• _What you have to do_
From the material below, please set down exactly the lines starting with the one with "7月2日上午,best365" and going on through the one with "DATA RACK CABINET, RACK", without a single picture.

• _Data supplied_
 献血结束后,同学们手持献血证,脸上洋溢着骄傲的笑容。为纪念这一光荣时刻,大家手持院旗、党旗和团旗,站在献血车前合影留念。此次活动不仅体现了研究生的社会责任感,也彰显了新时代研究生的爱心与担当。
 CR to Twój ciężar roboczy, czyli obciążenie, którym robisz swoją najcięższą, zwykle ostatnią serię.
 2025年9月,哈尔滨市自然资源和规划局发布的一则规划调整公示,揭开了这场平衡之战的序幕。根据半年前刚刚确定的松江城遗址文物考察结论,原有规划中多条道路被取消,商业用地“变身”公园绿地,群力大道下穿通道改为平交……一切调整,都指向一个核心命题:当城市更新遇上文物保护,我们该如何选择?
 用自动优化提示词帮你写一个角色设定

==

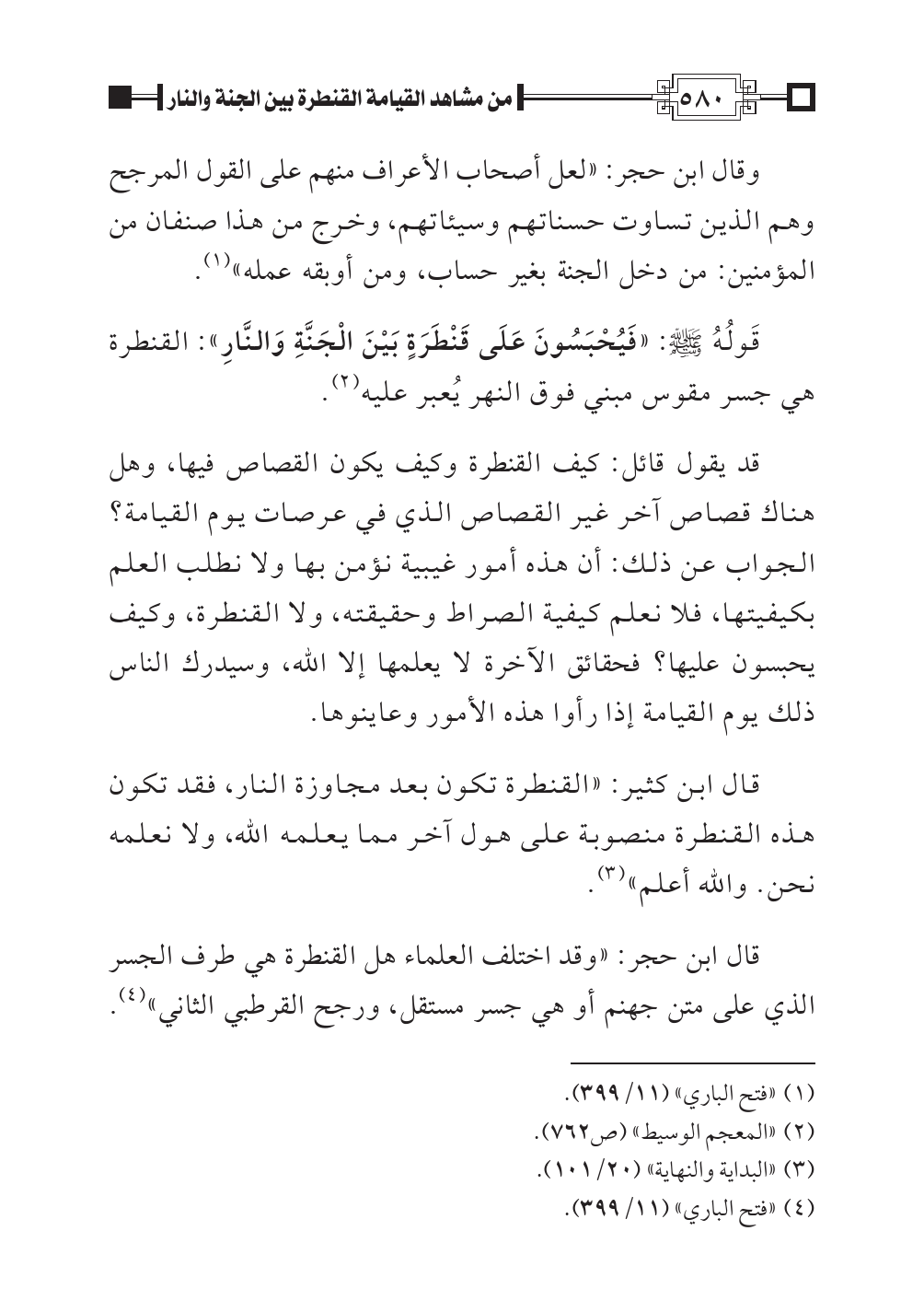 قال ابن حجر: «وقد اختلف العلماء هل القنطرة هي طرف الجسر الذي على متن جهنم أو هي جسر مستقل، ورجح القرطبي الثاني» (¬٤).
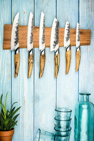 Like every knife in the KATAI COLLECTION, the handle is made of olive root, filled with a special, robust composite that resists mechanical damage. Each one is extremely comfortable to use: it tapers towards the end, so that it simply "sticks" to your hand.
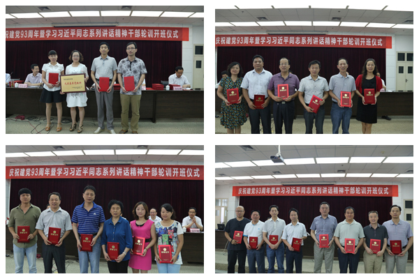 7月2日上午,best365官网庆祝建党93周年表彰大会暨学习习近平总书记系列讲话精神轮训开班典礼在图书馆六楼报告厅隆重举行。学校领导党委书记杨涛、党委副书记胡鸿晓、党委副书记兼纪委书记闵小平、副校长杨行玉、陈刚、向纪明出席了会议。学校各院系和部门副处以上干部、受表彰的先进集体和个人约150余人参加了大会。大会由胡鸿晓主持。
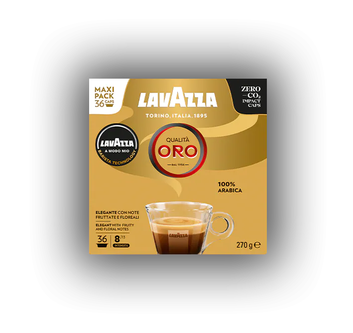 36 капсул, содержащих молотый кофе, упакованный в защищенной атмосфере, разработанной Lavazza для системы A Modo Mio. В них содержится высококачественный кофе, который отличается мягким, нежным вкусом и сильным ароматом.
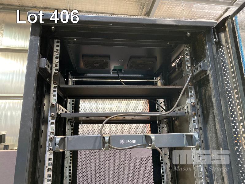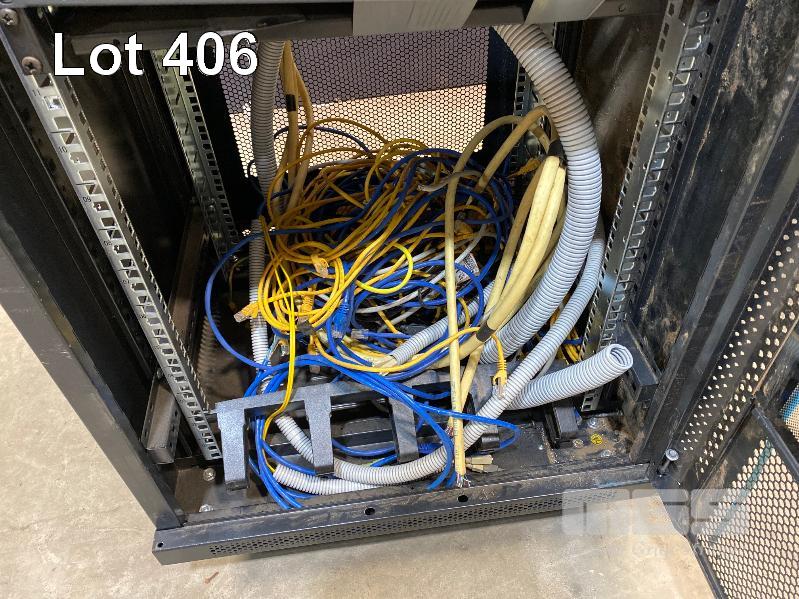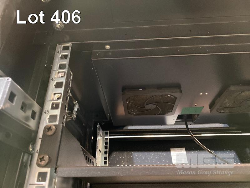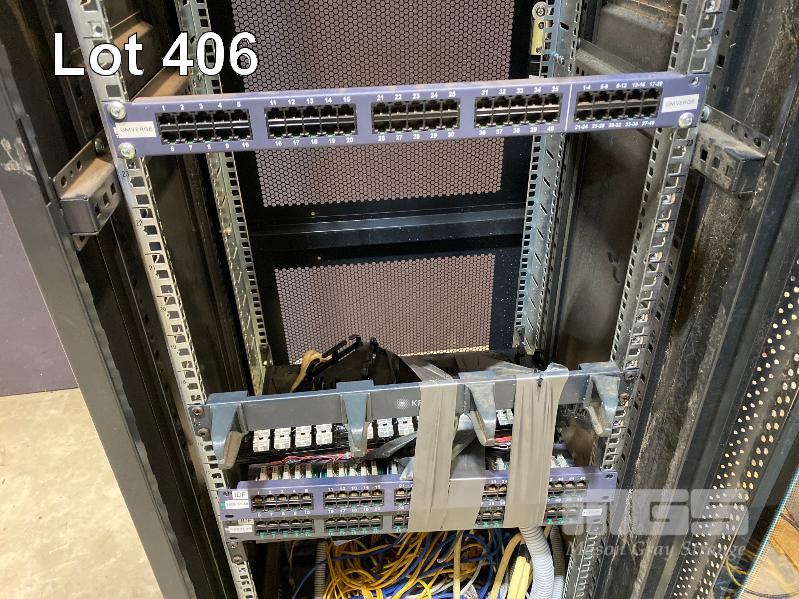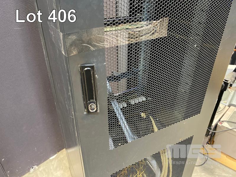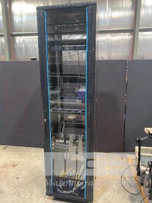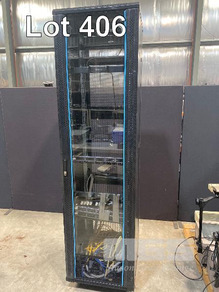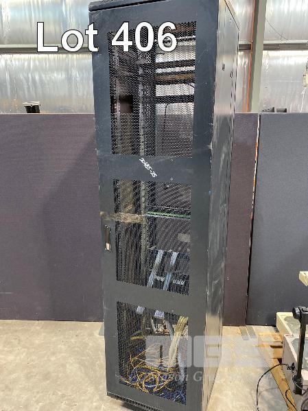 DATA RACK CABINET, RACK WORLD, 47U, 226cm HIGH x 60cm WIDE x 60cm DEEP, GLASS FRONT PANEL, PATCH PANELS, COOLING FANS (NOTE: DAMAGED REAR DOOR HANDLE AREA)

...

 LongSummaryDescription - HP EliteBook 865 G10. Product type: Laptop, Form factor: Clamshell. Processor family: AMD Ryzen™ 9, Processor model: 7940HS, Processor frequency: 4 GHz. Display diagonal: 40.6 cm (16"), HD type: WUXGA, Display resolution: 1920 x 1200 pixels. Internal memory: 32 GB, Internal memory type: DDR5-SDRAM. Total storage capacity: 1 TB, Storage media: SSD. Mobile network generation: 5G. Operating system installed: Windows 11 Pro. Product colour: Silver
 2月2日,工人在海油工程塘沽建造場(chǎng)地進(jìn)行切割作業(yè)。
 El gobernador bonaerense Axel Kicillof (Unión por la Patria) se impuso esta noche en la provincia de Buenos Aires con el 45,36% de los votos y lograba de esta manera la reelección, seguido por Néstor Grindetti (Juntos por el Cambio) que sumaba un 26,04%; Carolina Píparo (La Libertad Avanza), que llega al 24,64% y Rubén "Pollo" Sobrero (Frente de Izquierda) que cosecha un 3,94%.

• _Written answer_
 7月2日上午,best365官网庆祝建党93周年表彰大会暨学习习近平总书记系列讲话精神轮训开班典礼在图书馆六楼报告厅隆重举行。学校领导党委书记杨涛、党委副书记胡鸿晓、党委副书记兼纪委书记闵小平、副校长杨行玉、陈刚、向纪明出席了会议。学校各院系和部门副处以上干部、受表彰的先进集体和个人约150余人参加了大会。大会由胡鸿晓主持。
 36 капсул, содержащих молотый кофе, упакованный в защищенной атмосфере, разработанной Lavazza для системы A Modo Mio. В них содержится высококачественный кофе, который отличается мягким, нежным вкусом и сильным ароматом.
 DATA RACK CABINET, RACK WORLD, 47U, 226cm HIGH x 60cm WIDE x 60cm DEEP, GLASS FRONT PANEL, PATCH PANELS, COOLING FANS (NOTE: DAMAGED REAR DOOR HANDLE AREA)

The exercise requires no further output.